Kissing up to Chairman Mao

Harare, Zimbabwe. Our admiration for Chairman Mao, architect of China’s Cultural Revolution from 1949 to 1976, is boundless. We have just named  a new highway after him.

Back in a now-distant day, of course,  he did provide guns and training for African liberation movements.

Some say Mao was a puppy compared to history’s worst genocidal dictators because his enforcers only killed 76 million people, a small percentage of the country’s 900 million population at the time. It is a matter of scale, proportion and percentages, they say.

On this percentage basis, Mao doesn’t compare with Pol Pot’s Kymer Rouge henchmen who killed 30 percent of the population in the killing fields of Kampuchea/Cambodia.  Nearly two million Cambodians died in a population of slightly more than seven million in a mere four years of forced labour, starvation, torture and straight slaughter.

Closer to home, it isn’t completely clear how many people King Leopold II of Belgium had killed, maimed and tortured  in the Congo Basin. He is in the league table with Stalin, Hitler & Co. Uganda’s Idi Amin is also there proportional to his then-population.

On ideological gains in global influence over the dastardly neo-imperialist West and turning a blind eye to any neo-colonial designs by China,  the present incumbent-for-life Comrade President Xi Jinping says his continuing cooperation with Africa will  “create  a just and equitable world on a global scale.”

Idyllic Miombo under threat – credit ADF magazine

This comes at a time when the world’s respected Wildlife Conservation Society says illegal Chinese loggers are felling hardwoods with abandon in the Miombo Woodlands.
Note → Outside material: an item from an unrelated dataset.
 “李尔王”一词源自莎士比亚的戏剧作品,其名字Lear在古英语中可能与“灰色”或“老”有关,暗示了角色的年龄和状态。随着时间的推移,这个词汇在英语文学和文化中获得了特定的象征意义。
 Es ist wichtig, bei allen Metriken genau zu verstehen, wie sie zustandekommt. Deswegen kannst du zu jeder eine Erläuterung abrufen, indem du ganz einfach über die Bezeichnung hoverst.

These include rosewood, tigerwood and “red-hued” trees sought after by their factories and furniture makers . Miombo spans eight countries from Burundi to Angola and down to southern Mozambique. Departing truckloads of wood and the roar of chainsaws impact on wildlife survival, local communities and local weather patterns in these woodlands that cover 10 percent of Africa’s total land mass, according to WCS.

China’s mechanised gold panning silting up rivers and laying waste alluvial ground.
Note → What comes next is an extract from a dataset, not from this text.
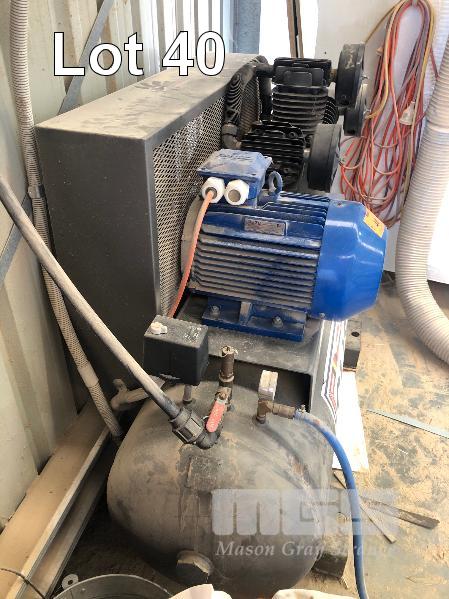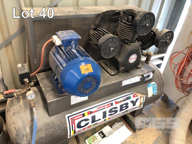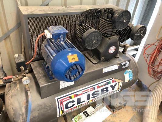 CLISBY AIR COMPRESSOR, 3 CYLINDER, 7.5kw, APPROX 30cfm, TANK SIZE 1200 x 450mm, 415v WITH AIR HOSE & DUST GUN

Meanwhile hereabouts, questionably legal and noisy Chinese machines  have replaced traditional hand-held  gold panning pans to devastating effect, ripping up river bank areas that should be growing food in this drought year.

In the polyglot of southern Africa slang ‘china’ means friend or mate from old London rhyming slang ‘china plate’ or mate. So China, being our china, needs to exercise more honesty over its African adventures and without doing so any china of mine like China will not remain my china for much longer.

The Chinese, inveterate smokers, are manufacturing their own brand of cigarettes here. JinLong, Made in Zimbabwe, says the packet.

The world anti-smoking lobby has left China as the biggest buyer and grower of tobacco here – in what was once one of the one of the biggest producers of the so-called “golden leaf.”

***Sir Walter Raleigh brought tobacco from the Americas to the court of Queen Elizabeth 1 in the 16th Century. What do you do with it? You roll it up, put in your mouth and light it, said Raleigh, and demonstrated. “Disgusting,” the courtiers agreed. “It’ll never catch on,”

*** Old Cockney rhyming slang still in use today. Take a butchers, take a look from Butcher’s Hook, a fart is a raspberry from Raspberry Tart, Duck and Dive is skive or hide, Apples and Pears are stairs, Whistle and Flute is a gentleman’s suit and if you are a berk it’s is a rude insult, dare we say it,  rhyming  with Berkshire Hunt, thus you are a downright c-word. The Berkshire horse and hound hunt was a jaunt of the rich despised by London’s then East End dockers and working classes.